• [TRY IT]:
Give the listing again in full and exactly, apart from its pictures.

• [AVAILABLE DATA]:

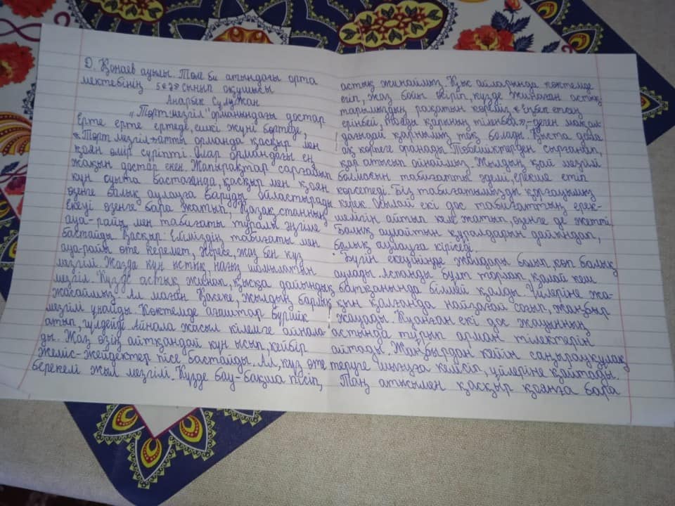 Д.Қонаев ауылы Төле би атындағы орта мектебінде 9 қараша күні 5-6 сынып оқушылары арасында оқушылардың экологиялық мәдениетін қалыптастыру, экологиялық білім мен тәрбие беру деңгейін арттыру, туған елдің табиғатына аса қызығушылық танытатын талантты оқушыларды анықтап, олардың шығармашылық қабілетін, қоғамдық белсенділіктерін дамыту мақсатында "Табиғат сырлары" тақырыбында ертегілер байқауы ұйымдастырылды. Шығармалар арасында 5 "Ә" сынып оқушысы Анарбек Сұлужанның жұмысы үздік деп танылып, аудандық кезеңге жолдама алды.
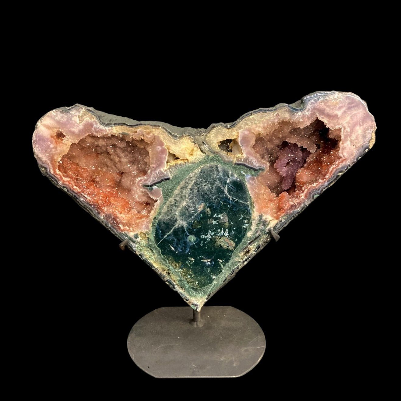 Measurements: This Amethyst heart stands 12 inches tall and is 13.5 inches wide. Also, the metal stand that you see in the pictures is included.
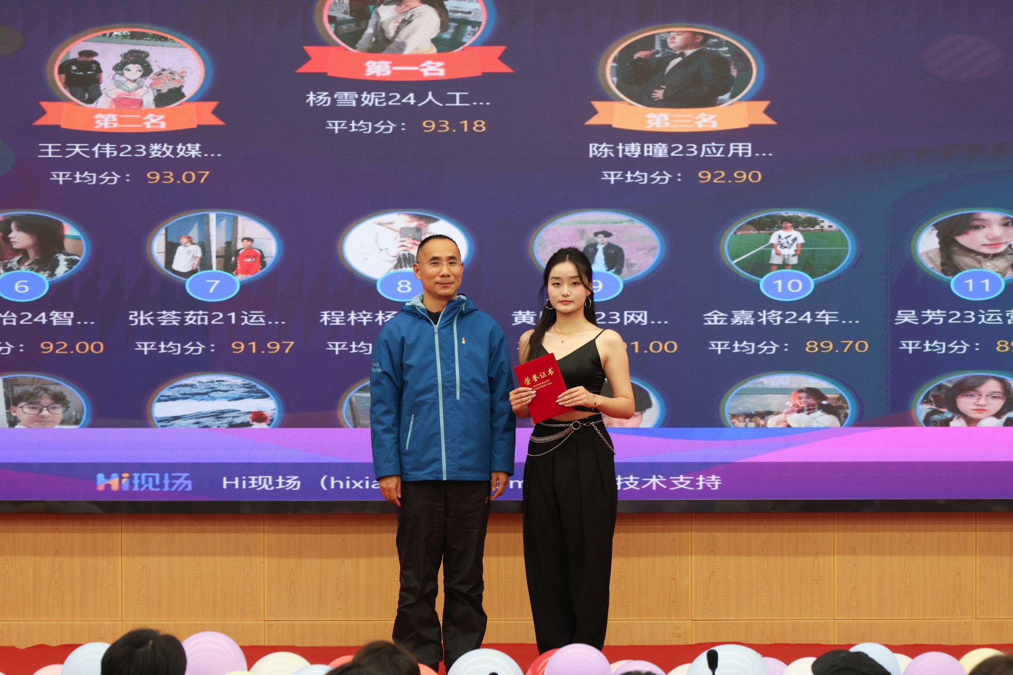 在此次風采大賽中,決出了一、二、三等獎以及人氣獎,分別是24人工智能楊雪妮、23數(shù)媒一班王天偉、23應(yīng)用四班陳博曈、24網(wǎng)絡(luò)一班武墨妍。

• [RESULT OF THE TASK]:
 Д.Қонаев ауылы Төле би атындағы орта мектебінде 9 қараша күні 5-6 сынып оқушылары арасында оқушылардың экологиялық мәдениетін қалыптастыру, экологиялық білім мен тәрбие беру деңгейін арттыру, туған елдің табиғатына аса қызығушылық танытатын талантты оқушыларды анықтап, олардың шығармашылық қабілетін, қоғамдық белсенділіктерін дамыту мақсатында "Табиғат сырлары" тақырыбында ертегілер байқауы ұйымдастырылды. Шығармалар арасында 5 "Ә" сынып оқушысы Анарбек Сұлужанның жұмысы үздік деп танылып, аудандық кезеңге жолдама алды.
 Measurements: This Amethyst heart stands 12 inches tall and is 13.5 inches wide. Also, the metal stand that you see in the pictures is included.
 在此次風采大賽中,決出了一、二、三等獎以及人氣獎,分別是24人工智能楊雪妮、23數(shù)媒一班王天偉、23應(yīng)用四班陳博曈、24網(wǎng)絡(luò)一班武墨妍。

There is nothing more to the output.